## Problem description:
Output the listing exactly, without its pictures.

## Dataset content:
________________

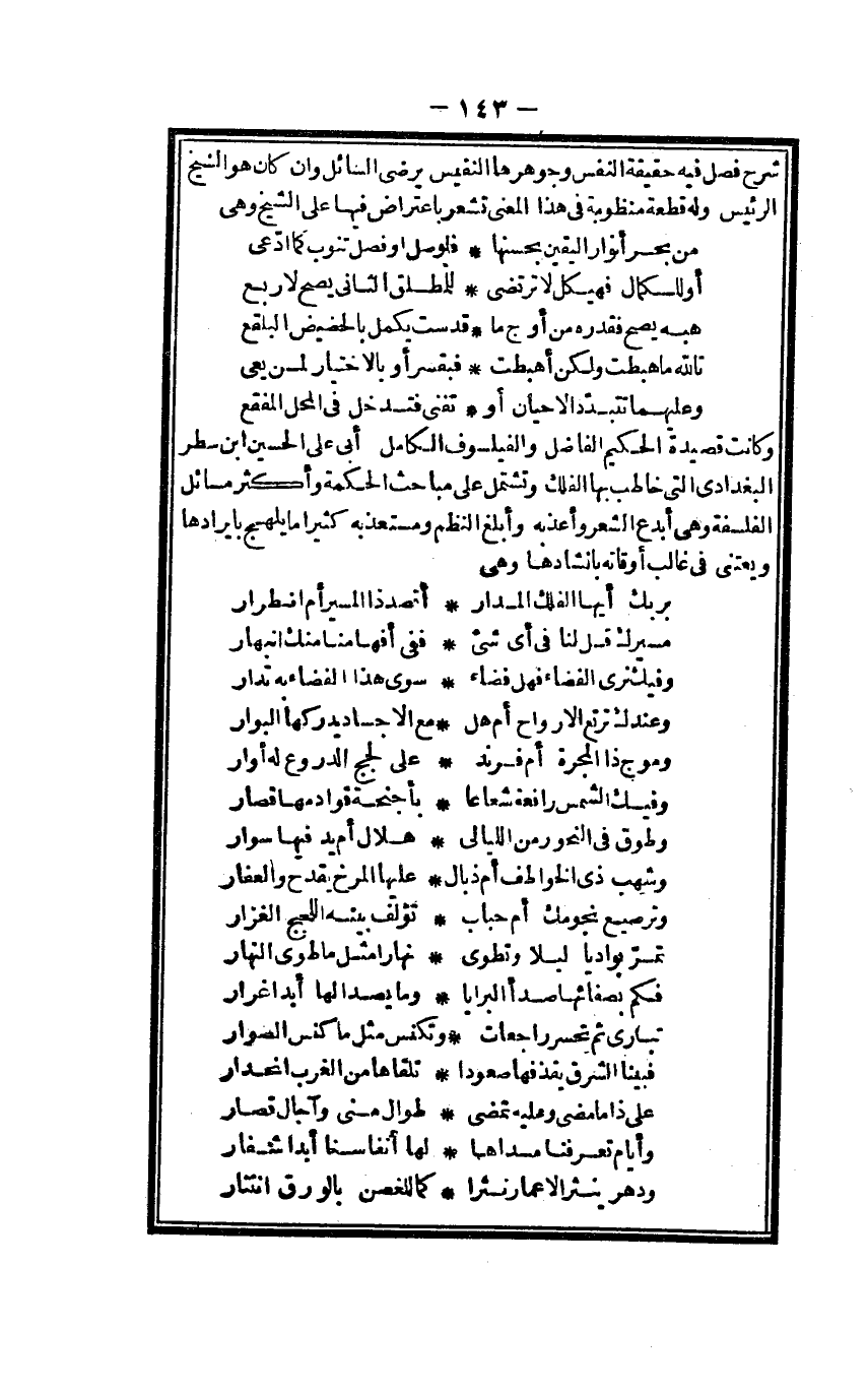 شرح فصل فِيهِ حَقِيقَة النَّفس وجوهرها النفيس يُرْضِي السَّائِل وان كَانَ هُوَ الشَّيْخ الرئيس وَله قِطْعَة منظومة فِي هَذَا الْمَعْنى تشعر باعتراض فِيهَا على الشَّيْخ وَهِي
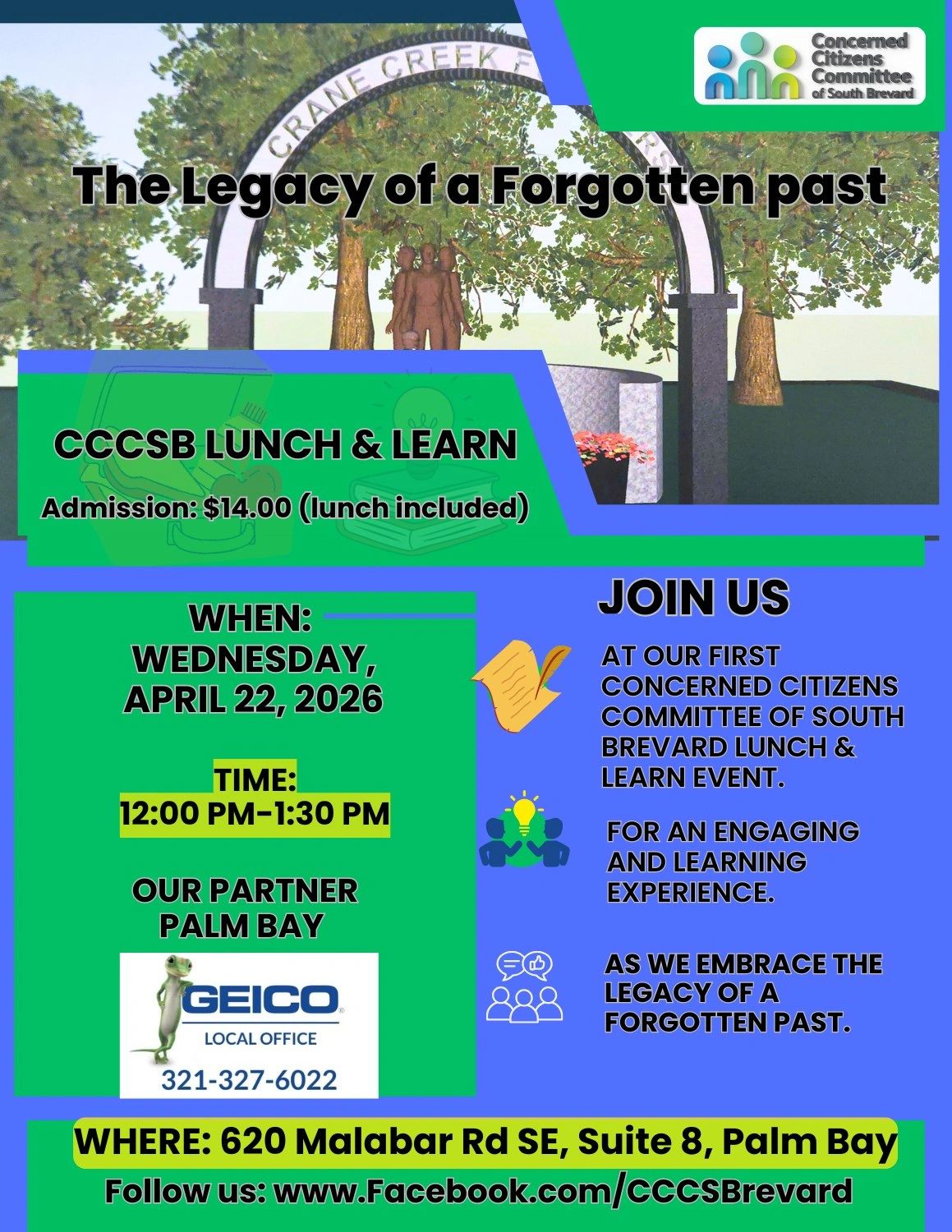 Join the CCCSB and the local GEICO office (Palm Bay) for our first Lunch & Learn event. Step into an afternoon of learning, connection, and purpose; it will be a meaningful gathering designed to celebrate history, community, and to commemorate the lives of the three founders of the city of Melbourne.
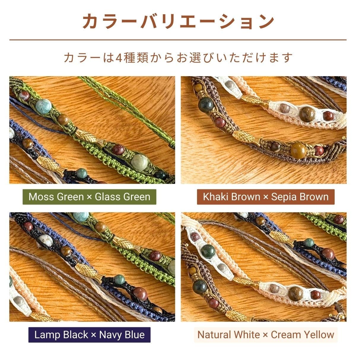 ・LINHASITA社製ワックスコードを使用しております。水や汗に強く比較的丈夫な素材ですが、使用に伴い色褪せ・色移り・ほつれ等の経年変化が生じます。

________________

## Exercise response:
 شرح فصل فِيهِ حَقِيقَة النَّفس وجوهرها النفيس يُرْضِي السَّائِل وان كَانَ هُوَ الشَّيْخ الرئيس وَله قِطْعَة منظومة فِي هَذَا الْمَعْنى تشعر باعتراض فِيهَا على الشَّيْخ وَهِي
 Join the CCCSB and the local GEICO office (Palm Bay) for our first Lunch & Learn event. Step into an afternoon of learning, connection, and purpose; it will be a meaningful gathering designed to celebrate history, community, and to commemorate the lives of the three founders of the city of Melbourne.
 ・LINHASITA社製ワックスコードを使用しております。水や汗に強く比較的丈夫な素材ですが、使用に伴い色褪せ・色移り・ほつれ等の経年変化が生じます。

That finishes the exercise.